Lehrerinnen und Lehrer, die diesem Handlungsfeld kritisch ge­genüberstehen, meldeten sich auch auf Nachfrage hin keine. Entsprechend vermeldete die Ortspartei anschliessend eine «breite Allianz» für die Schulsozialarbeit. Doch wie sehen das die anderen Parteien?

Begleitet von Massnahmen

Die GLP steht ebenfalls auf der Unterstützerseite. Sie sieht aber gleichzeitig Handlungsbedarf in der Behandlung der Ursachen. «Die Schulsozialarbeit bedient Symptome und muss zwingend von Massnahmen im gesellschaftlichen Integrationsbereich begleitet werden.»

Mit einem ­ausländischen Bevölkerungsanteil von rund einem Viertel seien die Gemeinden im Zugzwang, die Familien- und Kinderintegration weiter zu fördern.

Das Thema sei nicht neu, stellt die FDP fest: Vor zehn Jahren sei es in Buchsi aufgekommen.
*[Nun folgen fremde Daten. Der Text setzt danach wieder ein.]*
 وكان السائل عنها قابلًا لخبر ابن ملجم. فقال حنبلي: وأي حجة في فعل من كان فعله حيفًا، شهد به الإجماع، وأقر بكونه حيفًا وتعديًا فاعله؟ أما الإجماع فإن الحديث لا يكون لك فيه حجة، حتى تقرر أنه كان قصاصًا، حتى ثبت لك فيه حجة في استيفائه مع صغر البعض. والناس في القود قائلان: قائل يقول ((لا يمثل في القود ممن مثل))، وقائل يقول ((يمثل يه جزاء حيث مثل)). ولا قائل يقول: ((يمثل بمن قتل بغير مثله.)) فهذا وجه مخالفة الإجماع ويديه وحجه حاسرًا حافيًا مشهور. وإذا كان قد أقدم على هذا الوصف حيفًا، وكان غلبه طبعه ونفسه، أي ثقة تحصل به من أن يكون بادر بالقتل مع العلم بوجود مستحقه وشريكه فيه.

Das damalige Schulraumprojekt wurde umgesetzt, die Schulsozialarbeit sei aber als Pendenz liegen geblieben. «Umsichtige, organisierte Schulkompetenz kann für Schulen, Schüler und Familie eine Unterstützung bringen», wägt Präsident Christoph Schär ab.
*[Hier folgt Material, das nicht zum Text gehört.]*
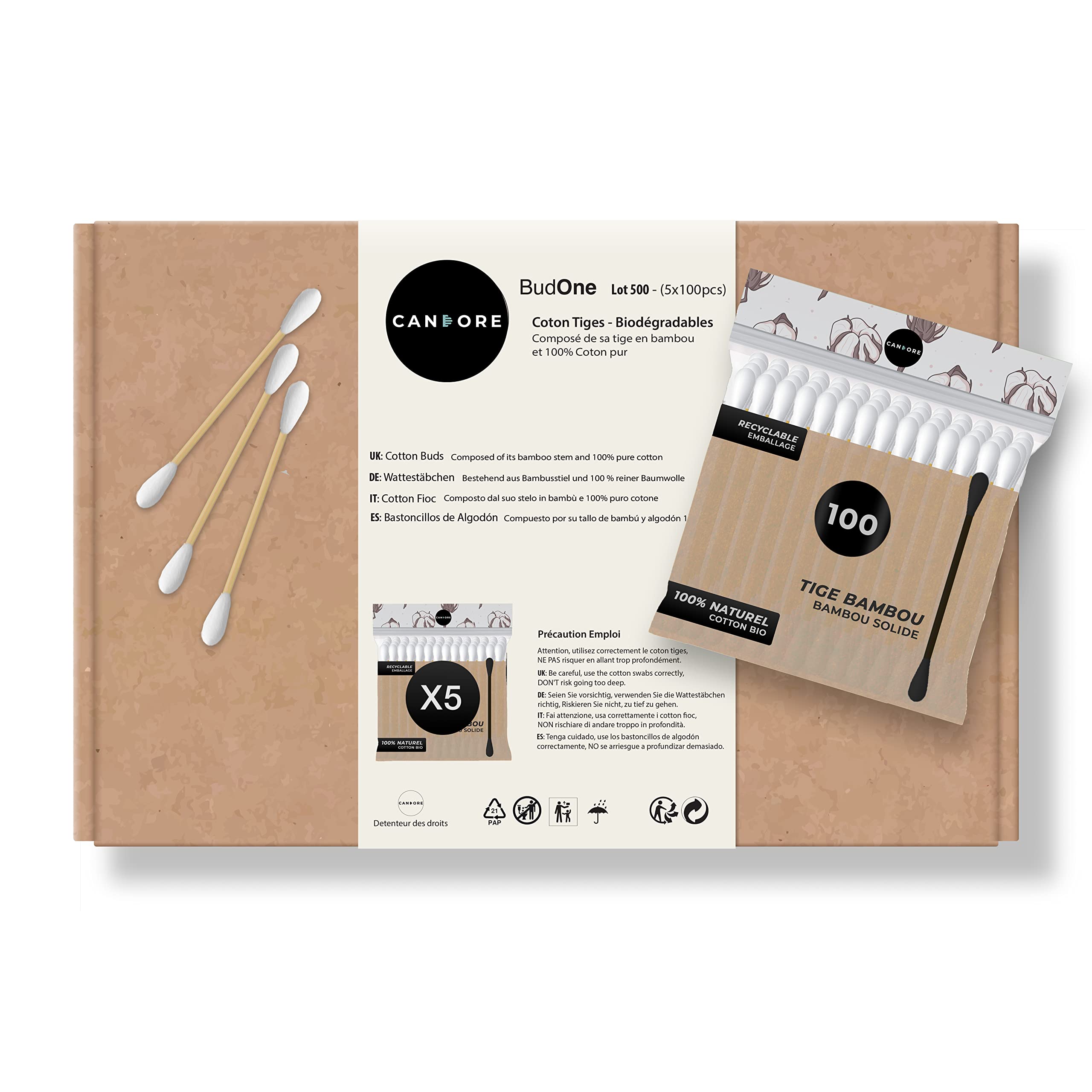 500 Wattestäbchen – stärkere Bambusstäbchen, weicher Wattekopf – biologisch abbaubar – Briefkastengrösse

Der öffentliche Haushalt könne entlastet werden, weil mit niederschwelligen Massnahmen oft hohe Folgekosten vermieden würden. «Daher macht es Sinn, das Thema wieder aufzugreifen, nicht nur unter dem Aspekt der Bildungspolitik, sondern auch unter demjenigen der Sozial- und Finanzpolitik.»

Schulsozialarbeit ist auch Teilaspekt von Vereinbarkeit von Familie und Beruf – was der FDP Herzogenbuchsee ein Anliegen ist.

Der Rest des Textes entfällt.